尝试从https://www.adapt.io/directory/industry/telecommunications/A-1抓取公司名称,并以格式抓取数据,
({"公司名称":" A &L人事服务","company_location":"Gregory, Michigan"company_website"; http://www.cac.net ", " company_webdomain ": " cac.net ",company_industry: Telecommunications, company_employee_size:None," company_revenue ":无," contact_details ": [{" contact_name ": " Doug Waite ",contact_jobtitle: " owner ", contact_email_domain: " cac.net ", contact_department:"财务和行政"},{" contact_name ": " Jim Mason ", " contact_jobtitle ": " Club ." contact_email_domain ": " cac.net ", " contact_department ": " Other "}]},…)
但是每个字段都得到空值。
import scrapy
class CompanyProfileSpider(scrapy.Spider):
name = 'companyDetails'
start_urls = ["https://www.adapt.io/directory/industry/telecommunications/A-1"]
def parse(self, response):
for company in response.xpath("//div[contains(@class, 'DirectoryList_linkItemWrapper__3F2UE ')]"):
name = company.css('a::text').get()
company_portal = company.css('a::attr(href)').get()
if company_portal is not None:
next_page = response.urljoin(company_portal)
yield scrapy.Request(next_page, callback=self.company_parse)
def company_parse(self, response):
block = response.xpath("//span[contains(@class, 'CompanyTopInfo_infoValue__27_Yo')]")

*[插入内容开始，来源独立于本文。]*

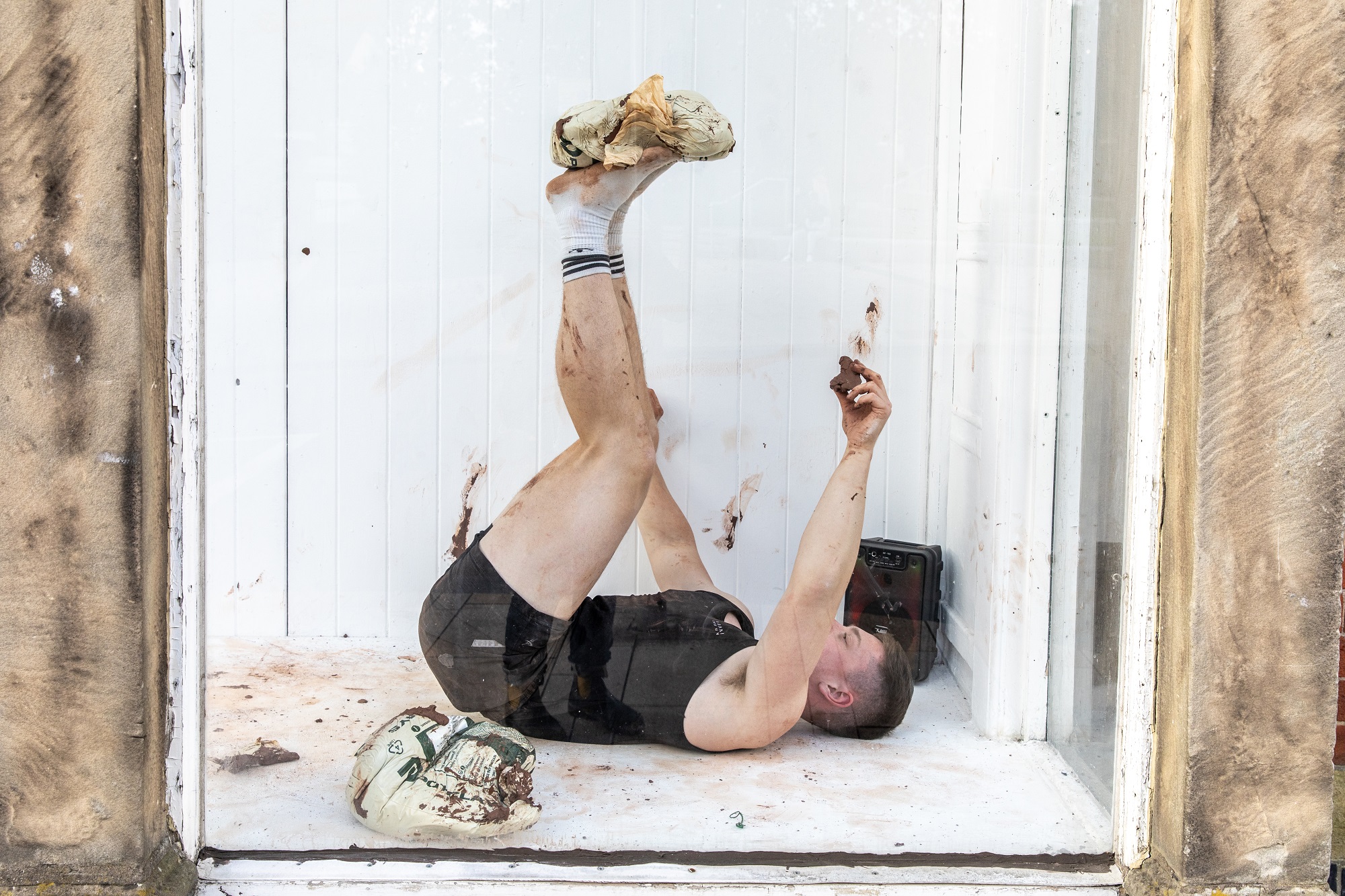 Artist Statement – Jake is a Medway artist. His practice is concerned with debunking the idea of fitness, work and exercise. He explores this by integrating his own use of the gym and physicality. This is articulated through performative, sculptural and installation-based works which use humour, tongue in cheek, and slapstick comical gestures. Wood also makes props for his performances. In addition, consider his practice inherently intrusive, where he intrudes into different kinds of zones and environments.

data = block.xpath("//div[contains(@class, 'CompanyTopInfo_contentWrapper__2Jkic')]")
output = {}
# for i in data:
# output[i.css('span::text').get()] = i.xpath("//span[contains(@class, 'CompanyTopInfo_infoValue__27_Yo')]").css('span::text').get()
#yield{
# 'company_data': output,
#}
company_employee = response.xpath("//div[contains(@class, 'TopContacts_roundedBorder__1a3yB undefined')]")
employee_url = company_employee.xpath("//div[contains(@class, 'TopContacts_contactName__3N-_e')]").css('a::attr(href)').getall()
for url in employee_url:
if url is not None:
next_page = response.urljoin(url)
yield scrapy.Request(next_page, callback=self.employee)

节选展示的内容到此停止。